The accuracy of a diagnostic test can be defined in various ways, by using the possibilities described in Table 3. As in Sect. 2, we define:

  • Sensitivity or True Positive Rate, TPR, the conditional probability of correctly classifying diseased patients;

  • Specificity or True Negative Rate, TNR, the conditional probability of correctly classifying healty patients;

  • False Positive Rate, FPR, the probability of type I error;

  • False Negative Rate, FNR, the probability of type II error.

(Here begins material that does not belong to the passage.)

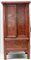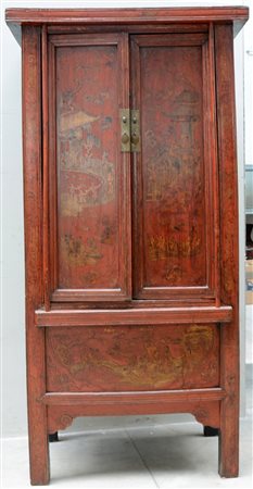 Armadio in legno laccato con fronte a due battenti decorati con scene di vita a rilievi nero e oro su fondo rosso (difetti e restauri) Cina, sec. XX (cm 90x181x57)

In diagnostic medicine an ideal test is called golden standard and it satisfies the conditions:

$$\begin{aligned} \text {FPR}=0 \quad \text {and} \quad \text {TPR}=1. \end{aligned}$$

Many diagnostic tests give a quantitative result T, so that it is necessary to define a cut-off value c to separate patients into two groups: we classify the patients as diseased if \(T \ge c\) and healthy if \(T < c\). It is clear that this is a particular situation in which the ROC analysis can be used in order to evaluate the power of a diagnostic test. ROC analysis is related in a direct and natural way to cost/benefit analysis of diagnostic decision making.

All the considerations about the ROC analysis can be traslated in medical context. Most diagnostic tests currently available are not perfect, and so strategies to combine informations obtained by multiple tests may provide better diagnostic tools.

Recall that the likelihood ratio function for a single test result T is defined as

$$\begin{aligned} \mathcal {L}R (T)= \mathcal {P}(T|D+) / \mathcal {P} (T|D-). \end{aligned}$$

The following result on the function \(\mathcal {L}R (T)\) is known.

Proposition 5

The optimal criterion based on T for classifying subjects as positive for disease is

$$\begin{aligned} \mathcal {L}R(T) > c, \end{aligned}$$

in the sense that it achieves the highest true positive rate (TPR) among all possible criteria based on T with false positive rate (FPR) equals to

$$\begin{aligned} \mathcal {P}(\mathcal {L}R(T) > c | D-). \end{aligned}$$

The \(\mathcal {L}R\) function is a useful tool when we consider multiple tests. If \(\mathbf T =(T_1,\ldots ,T_k)\), we define

$$\begin{aligned} \mathcal {L}R (\mathbf T )= \frac{\mathcal {P}(\mathbf T |D+)}{\mathcal {P} (\mathbf T |D-)}. \end{aligned}$$

Proposition 5 remains true also for multidimensional tests.

This result is essentially an application of Neymann–Pearson lemma for statistical hypotheses testing. Let \(D-\) and \(D+\) denote the null and the alternative hypothesis, respectively, and let \(\mathbf T \) be the sample data. The screening test based on \(\mathbf T \) is the analogue of the rule for rejecting the null hypothesis \(D-\) in favour of the alternative \(D+\). Then the likelihood ratio function of the k-screening test, \(\mathcal {L}R(\mathbf T )\), and the rules based on its exceeding a threshold achieves the highest TPR among all screening tests based on \(\mathbf T \) with \(\text {FPR}=\mathcal {P}(\mathcal {L}R(T) > c | D-)\).